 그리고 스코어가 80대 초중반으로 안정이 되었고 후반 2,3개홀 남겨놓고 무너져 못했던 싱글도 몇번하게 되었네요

★ ★ ★

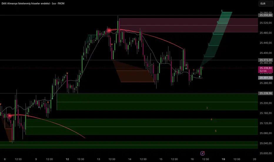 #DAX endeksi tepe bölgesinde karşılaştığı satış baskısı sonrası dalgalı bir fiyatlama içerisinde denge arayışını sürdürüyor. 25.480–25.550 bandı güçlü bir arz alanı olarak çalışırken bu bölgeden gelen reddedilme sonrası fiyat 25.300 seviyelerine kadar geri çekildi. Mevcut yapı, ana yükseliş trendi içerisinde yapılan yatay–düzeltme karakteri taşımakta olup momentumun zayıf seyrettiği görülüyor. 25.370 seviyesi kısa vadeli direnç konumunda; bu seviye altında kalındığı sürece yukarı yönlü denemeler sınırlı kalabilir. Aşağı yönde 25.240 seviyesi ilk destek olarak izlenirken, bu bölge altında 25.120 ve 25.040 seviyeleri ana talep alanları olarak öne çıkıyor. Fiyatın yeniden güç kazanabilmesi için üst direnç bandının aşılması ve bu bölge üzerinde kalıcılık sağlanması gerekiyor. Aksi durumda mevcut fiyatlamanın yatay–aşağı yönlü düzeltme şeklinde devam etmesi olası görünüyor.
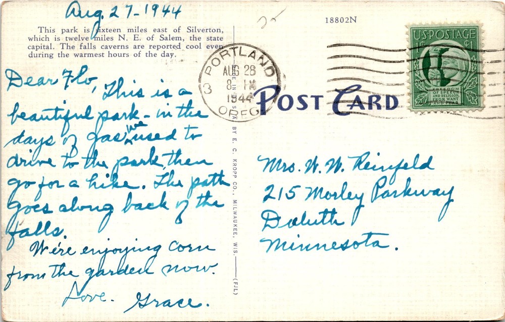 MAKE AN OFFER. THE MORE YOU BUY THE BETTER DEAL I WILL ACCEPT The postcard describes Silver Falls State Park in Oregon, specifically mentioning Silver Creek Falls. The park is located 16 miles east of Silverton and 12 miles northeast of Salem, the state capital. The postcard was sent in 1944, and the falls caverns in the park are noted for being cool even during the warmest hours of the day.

★ ★ ★

> [WHAT TO DO]
The reply should hold exactly the lines above, starting at the line with "#DAX endeksi tepe" and ending at the line with "MAKE AN OFFER.", and no pictures.

> [OUTPUT FOR THIS TASK]
 #DAX endeksi tepe bölgesinde karşılaştığı satış baskısı sonrası dalgalı bir fiyatlama içerisinde denge arayışını sürdürüyor. 25.480–25.550 bandı güçlü bir arz alanı olarak çalışırken bu bölgeden gelen reddedilme sonrası fiyat 25.300 seviyelerine kadar geri çekildi. Mevcut yapı, ana yükseliş trendi içerisinde yapılan yatay–düzeltme karakteri taşımakta olup momentumun zayıf seyrettiği görülüyor. 25.370 seviyesi kısa vadeli direnç konumunda; bu seviye altında kalındığı sürece yukarı yönlü denemeler sınırlı kalabilir. Aşağı yönde 25.240 seviyesi ilk destek olarak izlenirken, bu bölge altında 25.120 ve 25.040 seviyeleri ana talep alanları olarak öne çıkıyor. Fiyatın yeniden güç kazanabilmesi için üst direnç bandının aşılması ve bu bölge üzerinde kalıcılık sağlanması gerekiyor. Aksi durumda mevcut fiyatlamanın yatay–aşağı yönlü düzeltme şeklinde devam etmesi olası görünüyor.
 MAKE AN OFFER. THE MORE YOU BUY THE BETTER DEAL I WILL ACCEPT The postcard describes Silver Falls State Park in Oregon, specifically mentioning Silver Creek Falls. The park is located 16 miles east of Silverton and 12 miles northeast of Salem, the state capital. The postcard was sent in 1944, and the falls caverns in the park are noted for being cool even during the warmest hours of the day.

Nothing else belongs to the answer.